MATERIAL FOR THIS EXERCISE START
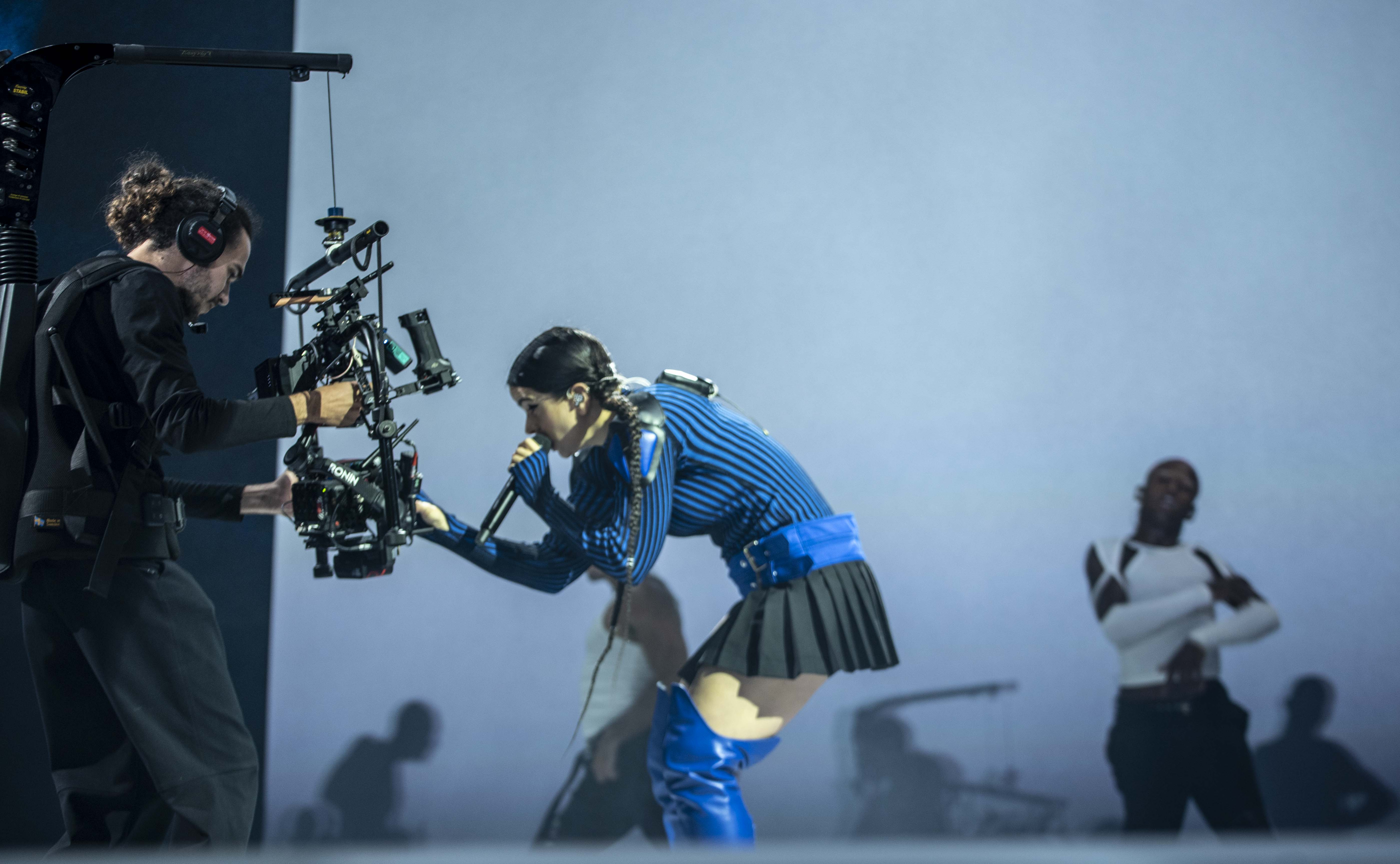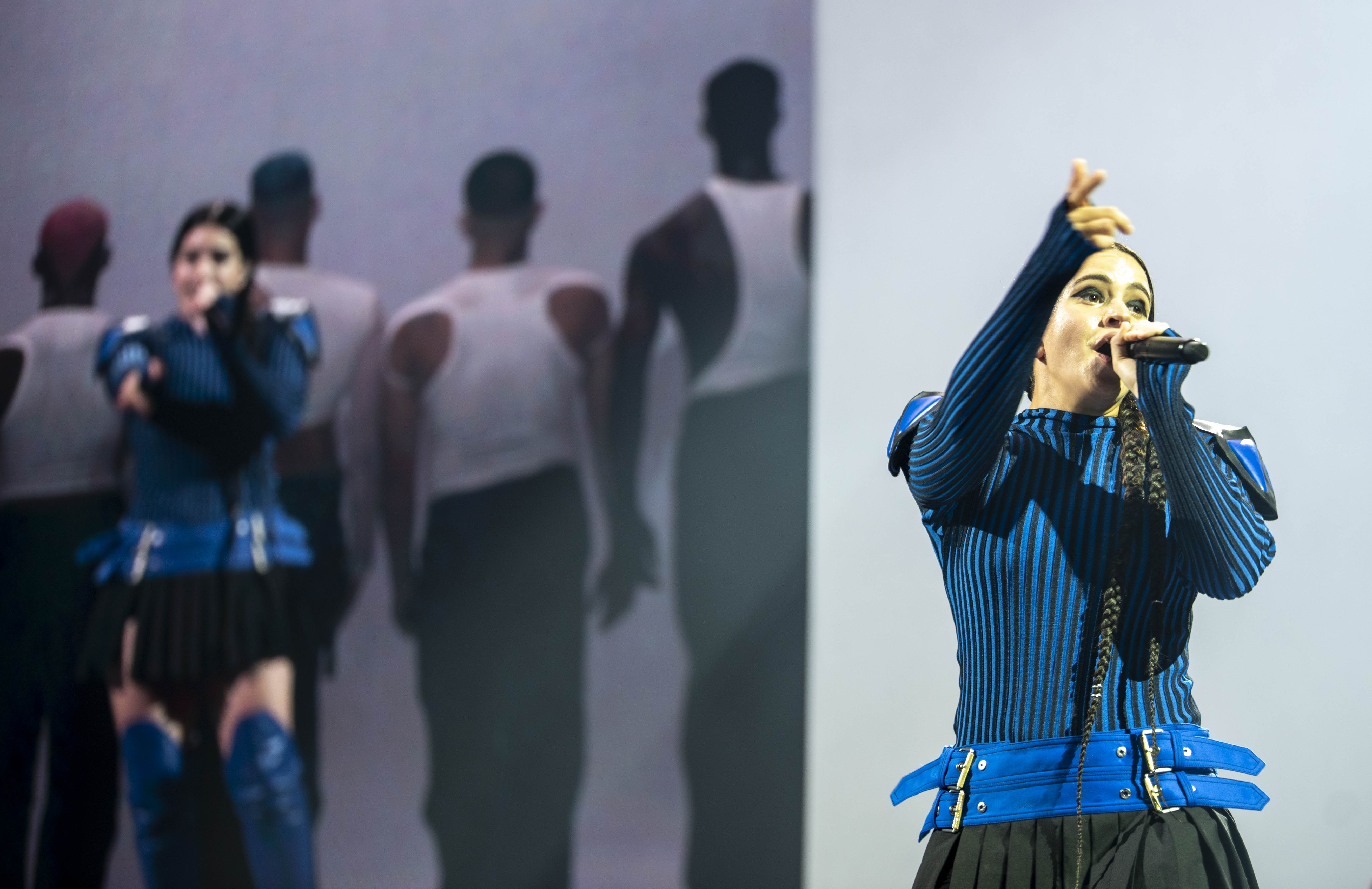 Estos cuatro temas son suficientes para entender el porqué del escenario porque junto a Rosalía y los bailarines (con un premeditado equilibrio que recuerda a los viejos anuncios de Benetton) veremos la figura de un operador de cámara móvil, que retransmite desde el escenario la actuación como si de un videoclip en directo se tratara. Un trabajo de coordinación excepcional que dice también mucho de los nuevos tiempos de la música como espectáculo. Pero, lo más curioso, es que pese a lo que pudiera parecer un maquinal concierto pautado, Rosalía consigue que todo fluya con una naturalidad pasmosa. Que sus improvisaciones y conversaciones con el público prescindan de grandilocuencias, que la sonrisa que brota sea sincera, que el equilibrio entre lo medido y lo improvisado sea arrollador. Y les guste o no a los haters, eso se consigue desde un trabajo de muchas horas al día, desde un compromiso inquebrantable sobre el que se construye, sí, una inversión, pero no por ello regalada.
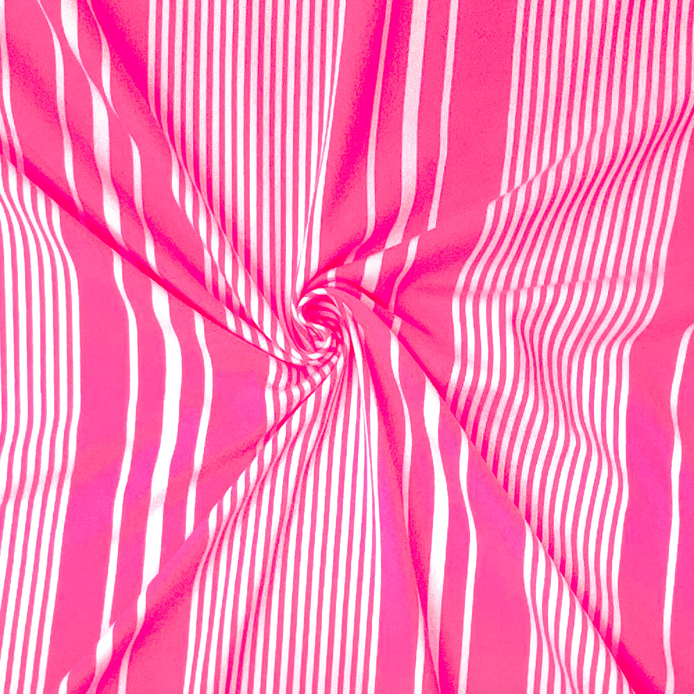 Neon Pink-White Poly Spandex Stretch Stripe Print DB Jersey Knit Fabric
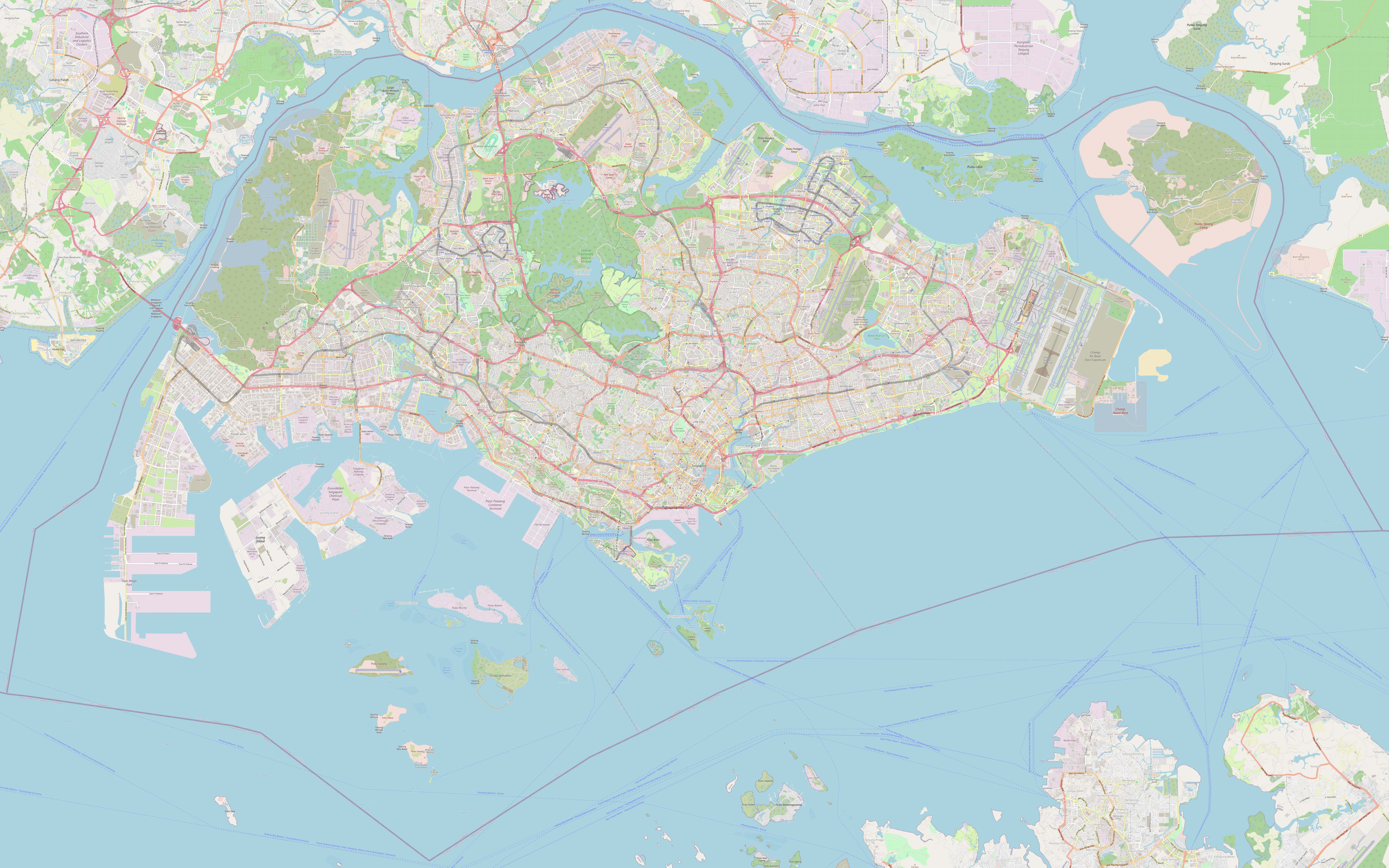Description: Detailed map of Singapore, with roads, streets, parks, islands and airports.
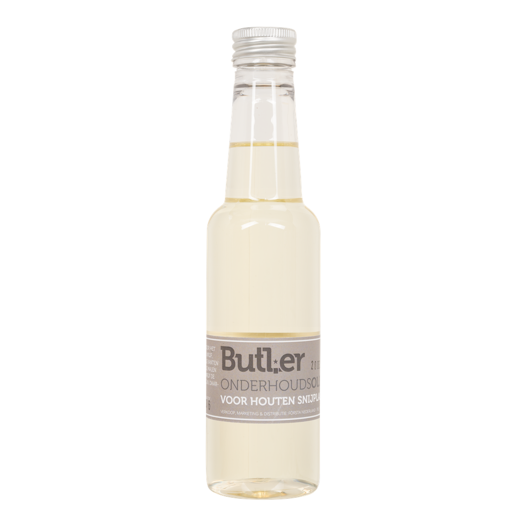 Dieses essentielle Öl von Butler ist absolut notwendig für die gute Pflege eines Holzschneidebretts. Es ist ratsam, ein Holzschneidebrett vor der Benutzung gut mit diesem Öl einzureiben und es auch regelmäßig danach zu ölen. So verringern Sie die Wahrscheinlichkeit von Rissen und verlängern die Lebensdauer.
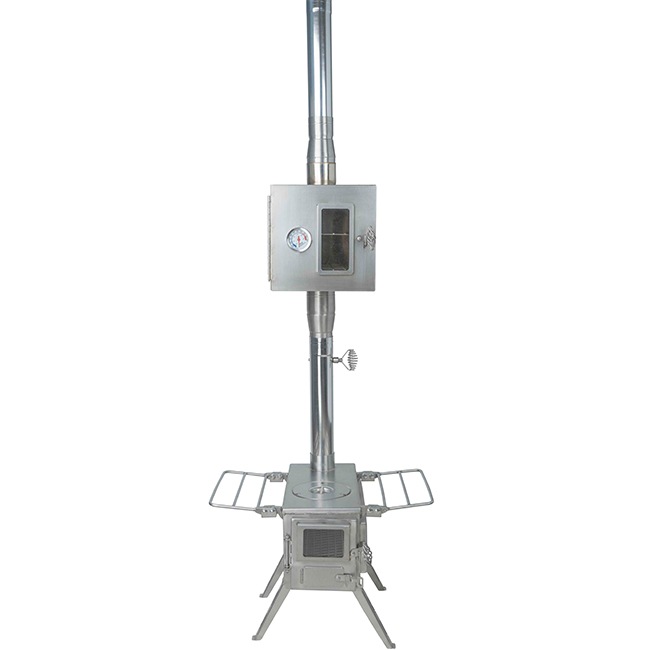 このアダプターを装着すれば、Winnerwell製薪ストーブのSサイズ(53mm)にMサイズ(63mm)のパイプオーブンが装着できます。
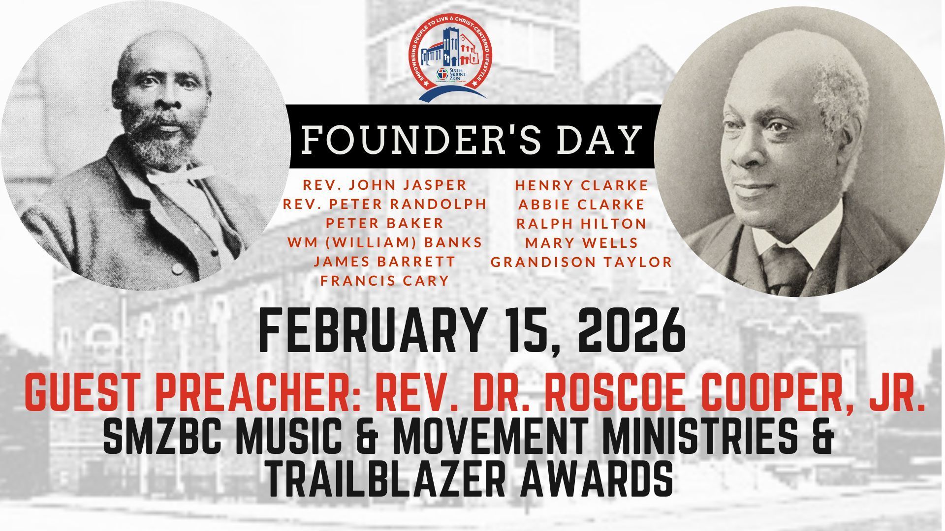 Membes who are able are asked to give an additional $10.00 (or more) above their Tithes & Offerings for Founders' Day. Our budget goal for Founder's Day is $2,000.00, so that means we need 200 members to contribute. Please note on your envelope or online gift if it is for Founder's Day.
MATERIAL FOR THIS EXERCISE END
YOUR ASSIGNMENT >> Give back exactly the lines running from the one that contains "Description: Detailed map" to the end of the records, including both of those lines and excluding every picture.

RESULT FOR THIS EXERCISE >>
Description: Detailed map of Singapore, with roads, streets, parks, islands and airports.
 Dieses essentielle Öl von Butler ist absolut notwendig für die gute Pflege eines Holzschneidebretts. Es ist ratsam, ein Holzschneidebrett vor der Benutzung gut mit diesem Öl einzureiben und es auch regelmäßig danach zu ölen. So verringern Sie die Wahrscheinlichkeit von Rissen und verlängern die Lebensdauer.
 このアダプターを装着すれば、Winnerwell製薪ストーブのSサイズ(53mm)にMサイズ(63mm)のパイプオーブンが装着できます。
 Membes who are able are asked to give an additional $10.00 (or more) above their Tithes & Offerings for Founders' Day. Our budget goal for Founder's Day is $2,000.00, so that means we need 200 members to contribute. Please note on your envelope or online gift if it is for Founder's Day.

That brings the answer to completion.